H2-7. Leakage & Touch Safety: monitoring, limiting, and diagnosing leakage paths
Turn leakage and touch-safety risks into measurable engineering evidence. Map leakage loops, choose monitoring that matches the path, and distinguish nuisance trips from real insulation degradation using two-point measurements and logs.
- Leakage path map
- RCD/CT/insulation monitoring boundaries
- Nuisance trips vs missed detection
- Field debug checklist (symptom → evidence → isolate)
7.1 Leakage path map (from hot side to touchable metal / cold side)
Leakage is a loop, not a single node. Start by identifying whether the path is intentional (EMI components), conditional (moisture/contamination), or aging/fault driven (degraded insulation). Each class has different symptoms and different evidence.
7.2 Monitoring options (RCD/GFCI, CT/differential sensing, insulation monitoring)
Monitoring must match the leakage loop. A trip device proves a differential imbalance, but not necessarily the root path. A sensing chain provides trend and correlation—only if it can separate real leakage from transient common-mode injection.

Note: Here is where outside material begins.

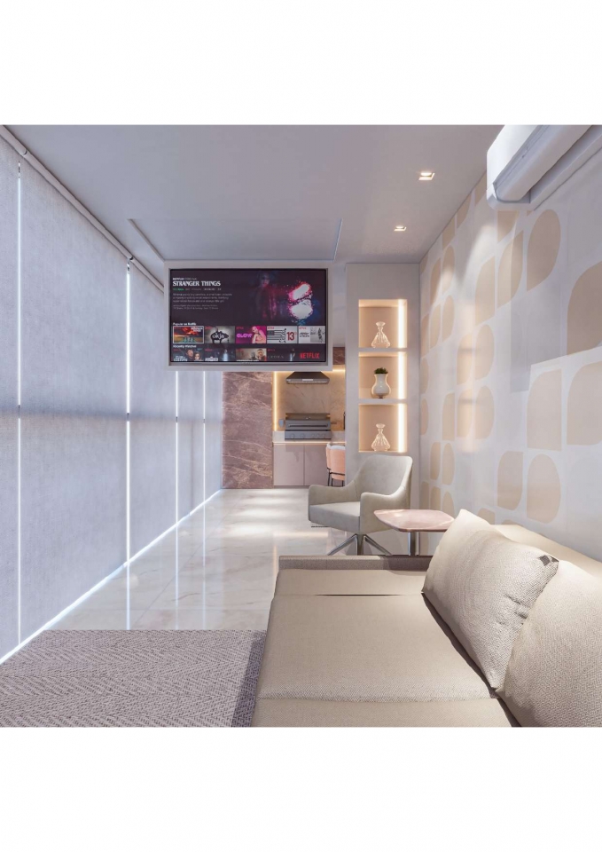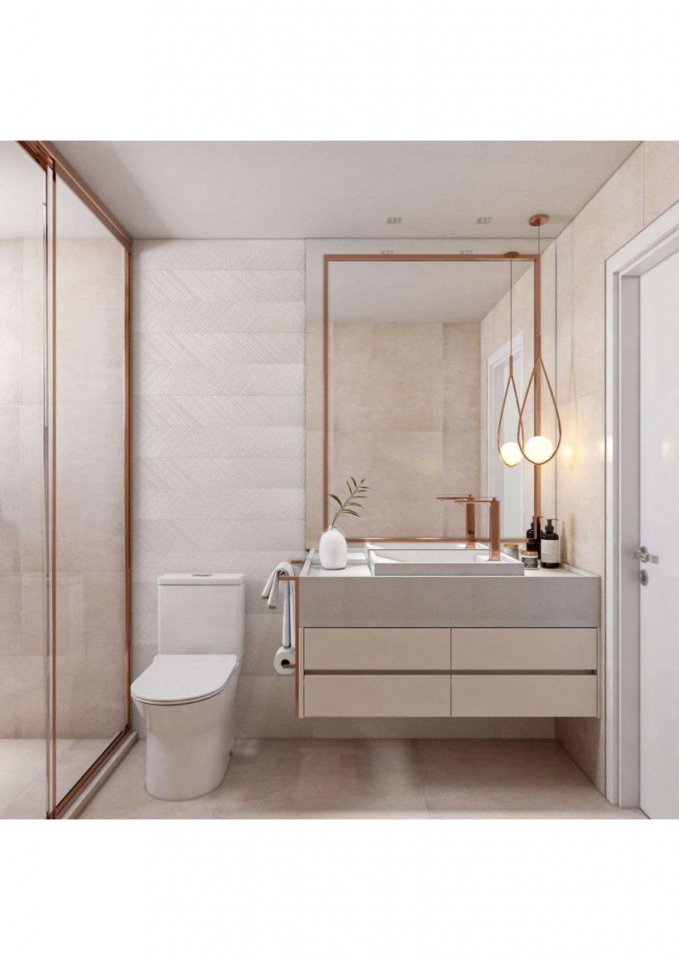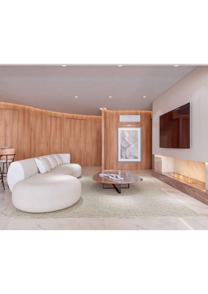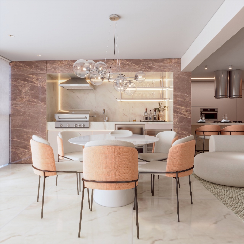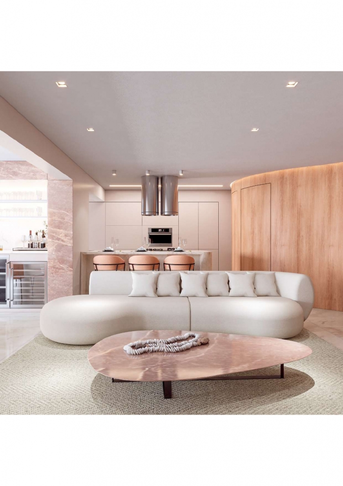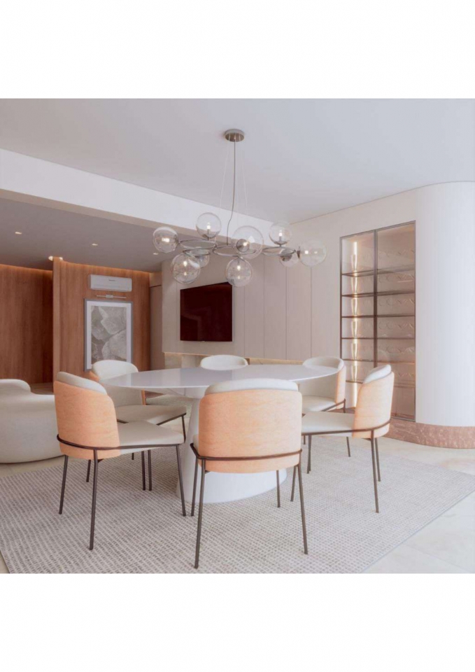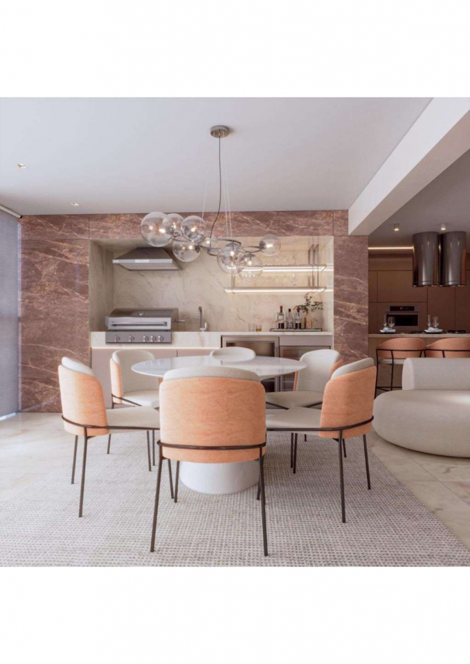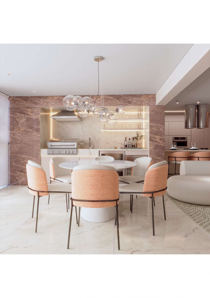 Este apartamento moderno e elegante é projetado com uma combinação harmoniosa de estética contemporânea e funcionalidade. O banheiro apresenta um design compacto e sofisticado, com azulejos em padrão chevron verde-azulado e detalhes minimalistas em madeira, criando uma sensação acolhedora. A área de estar e a cozinha são integradas, promovendo um ambiente aberto e fluido. A sala possui um sofá curvo de design arrojado e uma paleta de cores neutras que conferem serenidade ao espaço. A cozinha destaca-se com uma ilha central em mármore e cadeiras em tons de pêssego, combinando luxo e praticidade. O design inteligente e a iluminação bem planejada garantem um ambiente funcional e sofisticado, ideal para um estilo de vida contemporâneo.
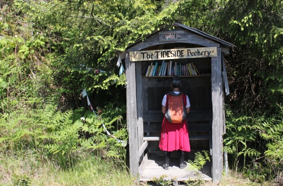 Anyway on to Skidegate a nice walk along side the water of about 5 kms one way.A surprise was the free lending library Mel discovered along the way. (Picture above)

- Best for catching true differential leakage loops.
- May nuisance-trip under fast transients if the system injects common-mode spikes into the sensing loop.
- Use logs and two-point measurements to separate “spike” events from baseline trend.
- Enables leakage trend tracking and event records (time-correlated with resets and EMI).
- Requires bandwidth/filters that avoid treating fast CM bursts as real leakage.
- Evidence output should include peak, RMS/mean, duration, and timestamp.
- Helps detect degradation paths before catastrophic failure.
- Most valuable when correlated to humidity/contamination and post-stress drift.
- Focus on trend and repeatability, not one-time readings.
7.3 Nuisance trips vs missed detection (common sources and discriminators)
The highest-risk failure mode is confusing transient injection with true insulation leakage. Use discriminators that separate spike-only events from baseline drift and link both to entry stress and EMI coupling.
Nuisance trip (false)
- Transient-driven spike: short pulses aligned with switching/entry events.
- EMI capacitor injection: higher baseline but stable and repeatable across humidity.
- CM burst coupling: sensor chain sees spikes while insulation trend stays flat.
Missed detection (danger)
- Slow drift: leakage baseline rises over days/weeks (aging/contamination).
- Humidity sensitivity: strong correlation with moisture/condensation cycles.
- Post-stress change: drift appears after surge/EFT events and stays elevated.
7.4 Evidence fields (engineering records without certification procedures)
Record what makes leakage explainable. The goal is reproducible evidence that links leakage behavior to environment and to subsystem events.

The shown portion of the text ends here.